Recently I heard someone on the radio complaining that because children are driven to school it was not helping the battle of child obesity and unnecessarily increased rush hour traffic. He started a sentence “In my day …..” Well, that’s the problem because the day he referred to has passed. It’s a new day and we can no longer compare like with like. It probably is partly to blame for obesity and the traffic but you can’t revert back to how it used to be for many reasons.

I love the idea of looking back to a previous generation for values and ideas that will make life better, but there are some areas where different rules apply. I walked to and from school alone from a very early age, but that was thirty years ago now. For the man on the radio I would guess it was about fifty. The perils of heavy traffic and fast moving vehicles with stressed out drivers were non existent back then. In those days, and indeed even in my own ‘day’, because many women worked at home houses were occupied. The buildings you were passing had people in them, some even with doors open. Beady eyed women in flowery aprons were often seen bustling about in doorways. They would stand in the open air chatting to each other and generally keeping an eye on what was going on.

Security

The traditional housewife, or at least the role of the housewife be it occupied by a male or a female, was never acknowledged for its security role within a community. They would spot potential problems at fifty paces and often troublesome behaviour was nipped in the bud rather than left to fester and grow into criminality. Society failed to give the role of ‘stay at home’ the same regard as the career. There is plenty of anecdotal evidence to suggest that even parents who paid to educate girls at third level felt a little disappointed should the girl choose to get married early and stay at home to raise a family. Obviously having a nation of well educated mothers seemed a bit of a waste of resources!
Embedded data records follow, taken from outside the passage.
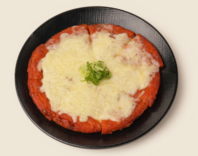
CHEESE KIMCHI JEON 2 £13 Korean savory pancake made with Kimchi topped with mozzarella cheese
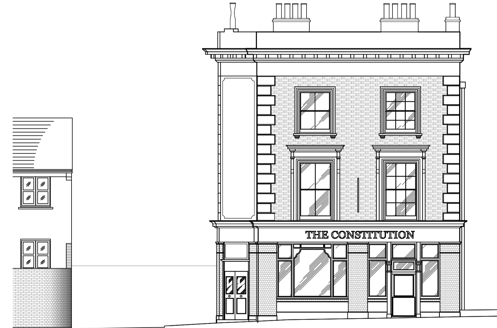
WEST ELEVATION Scale: 1:100
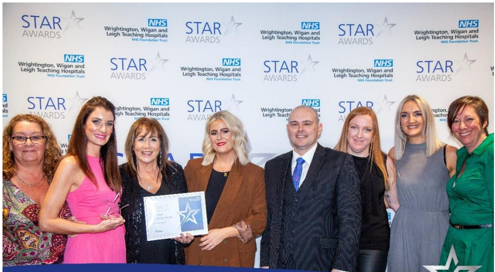
Clinical Team of the Year Award Critical Care Outreach
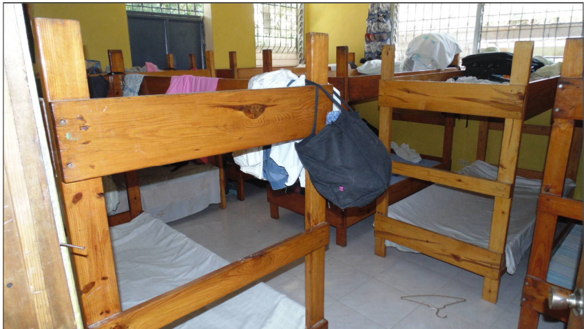
Bedroom filled with beds
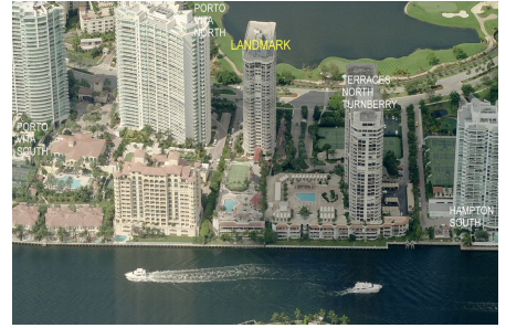
Built in 1990 - 183 units - 29 floors

Landmark Club Condominium (305) 933-2349
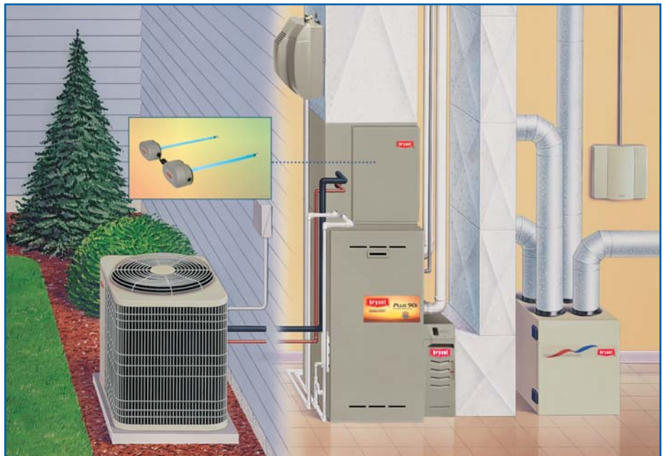
Central Air Conditioner and Gas Furnace System
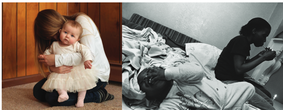
Figure 1. Media coverage of white mothers who use opioids (29) versus Black mothers who use crack cocaine (31).

Despite crack cocaine being portrayed as having strong addictive properties (37,38), the potency and psychoactive effects of crack cocaine were found to be similar to those of powder cocaine. Similar to the current position held by the National Institute on Drug Abuse (39), Hatsukami and Fischman (40) concluded that individuals who have a cocaine use disorder and “who are incarcerated for the sale or possession of cocaine are better served by treatment than prison” (40). Indeed, a series of U.S. Sentencing Commission reports renounced stereotypes perpetuated by the media-induced scare by stating that no studies have shown crack cocaine to render people more prone to committing violent crimes compared to powder cocaine (14,41–43).
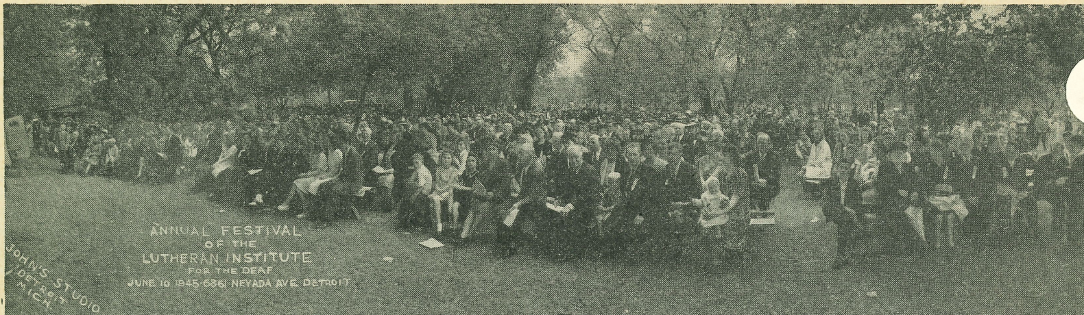
ANNUAL FESTIVAL OF THE LUTHERAN INSTITUTE FOR THE DEAF JUNE 10 1945 6361 MEXADA AVE. DETROIT

Part of the thousands who attended a previous festival. Fit yourself into the picture by attending this year's Diamond Jubilee Festival, June 13.
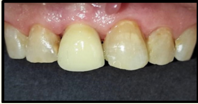
Figure 6: Final restoration.

no complications were reported. The patient was recalled after 4 months and received a PFM crown restoration (Figure 6). Good soft tissue profile could be produced, and the restoration was functionally and esthetically acceptable.
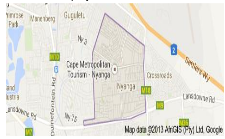
MAP 2: Nyanga Junction
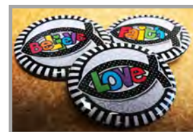
Backpack pins from a previous year

Can't make it? That is okay! We will leave blessed buttons in the Clinton side entrance for pick up starting Monday, August 24. The entrance will be open Monday- Thursday 8 am- 4 pm and Friday 8 am-noon.
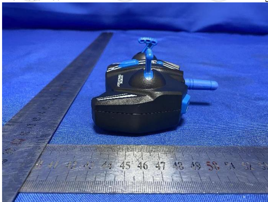
View of Product-3
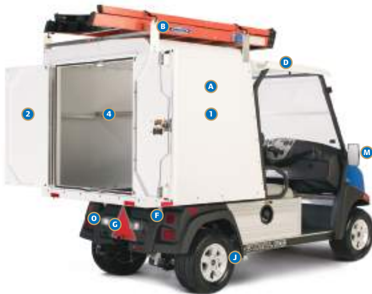
Carryall 500 shown with optional wheel covers.
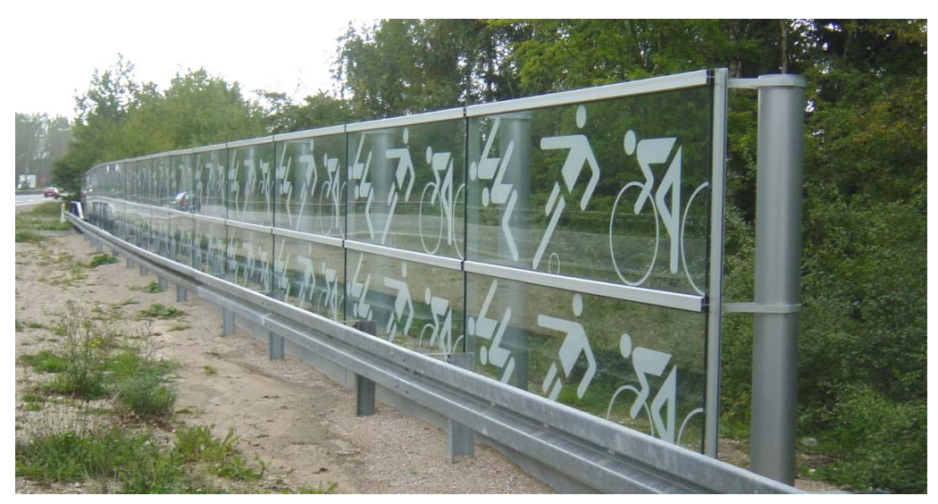
Figure 3.27. Transparent noise barrier with a "bike print" along a highway in am urban district in Denmark [2].

When I used to walk from school there was only one very busy street to cross on my route. If I felt there were too many cars I would pop into a shop and ask someone to help me across. Shops and shop assistants like that don’t really exist any more and you wouldn’t expect it. While walking with your children to school is a healthy option many parents are dropping children off and going on to their own jobs. The family structure has changed and most parents are doing their best and that sometimes involves driving the kids to school.

Hygiene

However, there was something 50 years ago and indeed even 30 years ago that we could and should replicate today and that’s hospital hygiene. I just met another person who has a relative currently in hospital with a serious illness only to have the situation further complicated by MRSA. European hospitals have proven that hygiene is a simple and effective weapon in the battle against it. At the risk of having a wet sponge thrown in my direction you have to ask why we have such a problem with it. Is it the quality of the cleaning staff? Is it the frequency of the cleaning rosters? Is it a poor attitude of medical and clerical staff, patients and visitors towards dirt, spillages and other potential hygiene and germ hazards? Is it a combination of all of these? While the HSE are busy publishing league tables on hospital hygiene, no one ever seems to publish reasons for the dirt.

Not too long ago I was in a hospital ward with a sick relative. Visiting hours were just over but, as he was quite ill, I was allowed to stay. While I sat there a cleaner came in and slowly pushed a dirty looking mop around the middle of the floor. I wanted to say “Give me that. This is how you clean a floor”. I was instantly transported back to my mother’s unaccredited School of Cleaning for Small Girls back in the seventies. Oh yes, I didn’t just walk home from school alone at a young age but I also had well developed skills in polishing furniture, cleaning down worktops and sweeping and washing floors. As I watched this woman absentmindedly throw the mop around you would think she had lost the will to live because of the dry, dusty and oppressively hot climate. But we weren’t on some lazy porch during high summer in the French Quarter of New Orleans; we were in an Irish hospital ward and one that required proper cleaning. There was congealed blood on the floor by one of the beds. After the ‘cleaning’ it was still there. No doubt according to a form or a sheet somewhere that ward had been mopped clean that night.

Sharp-tongued matrons

Irish hospitals used to be spotless. Some people say the problem is the absence of the nuns and matrons, who, legend would have it, were all trained by the Gestapo and had a keen eye for a perfectly polished floor. Where do you find people today with a cleaning obsession, a penchant for power and a sharp tongue to rule with a fist of iron? I personally think the absence of life threatening MRSA would be well worth the fearful tears of the odd subordinate but I can guarantee that a 21st century politically correct Labour Tribunal would see the old matrons’ methods somewhat differently. The reality is that with all our knowledge and education we shouldn’t need such supervision anymore, we should just know better.

We can certainly look back for some ideas or pointers or to find out where it all went pear shaped, but we can’t turn the clock back. We live now and the now requires different rules than it did back in the ‘day’.